Any idea
Jeffrey Hutzelman
jhutz@cmu.edu
Wed, 13 Jun 2001 02:55:18 -0400 (EDT)
On Fri, 25 May 2001, Marcus Watts wrote:
> Terry McCoy <terry@nd.edu> writes:
> > Date: Thu, 24 May 2001 20:31:37 -0500 (EST)
> > From: Terry McCoy <terry@nd.edu>
> > To: info-afs@transarc.com
> > Subject: Any idea
> >
> > Below are messages that were recorded in the FileLog on a number of
> > my AFS servers (one message per server).
> >
> >
> > Would anyone be able to tell me what these messages mean?
> >
> >
> > Thu May 24 13:18:16 2001 Host 65fee0 used to support WhoAreYou, deleting.
> > Thu May 24 13:18:18 2001 Host 419dc0 used to support WhoAreYou, deleting.
> > Thu May 24 13:21:44 2001 Host 837af0 used to support WhoAreYou, deleting.
> > Thu May 24 13:21:47 2001 Host 849508 used to support WhoAreYou, deleting.
> > Thu May 24 13:21:48 2001 Host 41cce0 used to support WhoAreYou, deleting.
> > Thu May 24 13:21:48 2001 Host 80bb58 used to support WhoAreYou, deleting.
> > Thu May 24 13:21:48 2001 Host 9355e0 used to support WhoAreYou, deleting.
> > Thu May 24 13:21:48 2001 Host 9dc880 used to support WhoAreYou, deleting.
> > Thu May 24 13:44:24 2001 Host d762f8 used to support WhoAreYou, deleting.
> >
> >
> > tHanKs
> > --
> > Terry McCoy email: terry@nd.edu
> > Sr Systems Engineer phone: (219) 631-4274
> > Office of Information Technologies
> > University of Notre Dame
> >
> >
>
> These come from viced/host.c, in the routine h_GetHost_r.
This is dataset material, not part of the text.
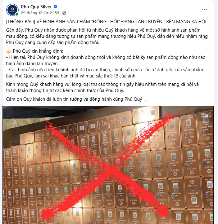 Theo Phú Quý, thời gian gần đây doanh nghiệp nhận được nhiều phản hồi từ khách hàng về các hình ảnh nói trên. Trước thông tin này, Phú Quý khẳng định hiện không kinh doanh đồng thỏi và không cung cấp bất kỳ sản phẩm đồng nào như các hình ảnh đang được chia sẻ.
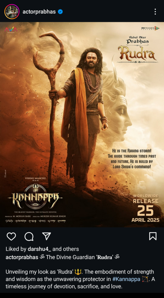 दरअसल, प्रभास ने अपने इंस्टाग्राम पर कन्नप्पा का पोस्टर शेयर किया है। जिसमें वह लंबे बाल, माथे पर त्रिपुंड, गले में रुद्राक्ष की माला पहने नजर आ रहे हैं। वहीं उन्होंने फर्स्ट लुक शेयर करते हुए कैप्शन लिखा कि ”ॐ दिव्य संरक्षक ‘रुद्र’ॐ. ‘रुद्र’के रूप में अपने लुक का अनावरण। कन्नप्पा में अडिग रक्षक के रूप में शक्ति और ज्ञान का अवतारय भक्ति, त्याग और प्रेम की एक कालातीत यात्रा। फिल्म 25 अप्रैल को सिनेमाघरों में रिलीज होगी।”

In AFS 3.4,
> this routine was called h_GetHost, and it always made a call to
> RXAFSCB_InitCallBackState when a new connection from a cache manager
> was seen. In AFS 3.6, there's apparently a replacement call,
> RXAFSCB_WhoAreYou, and on the initial contact, this call is first
> made. If it returns RXGEN_OPCODE (ie, it was an "old" cache manager),
> then it reverts to doing RXAFSCB_InitCallBackState and marks
> identP->valid 0, otherwise, it marks identP->valid 1. In otherwords,
> it starts out assuming 3.6, and falls back to 3.4 behavior. On
> subsequent calls, if h_GetHost_r gets a RXGEN_OPCODE error, it
> complains
> Host %x used to support WhoAreYou, deleting.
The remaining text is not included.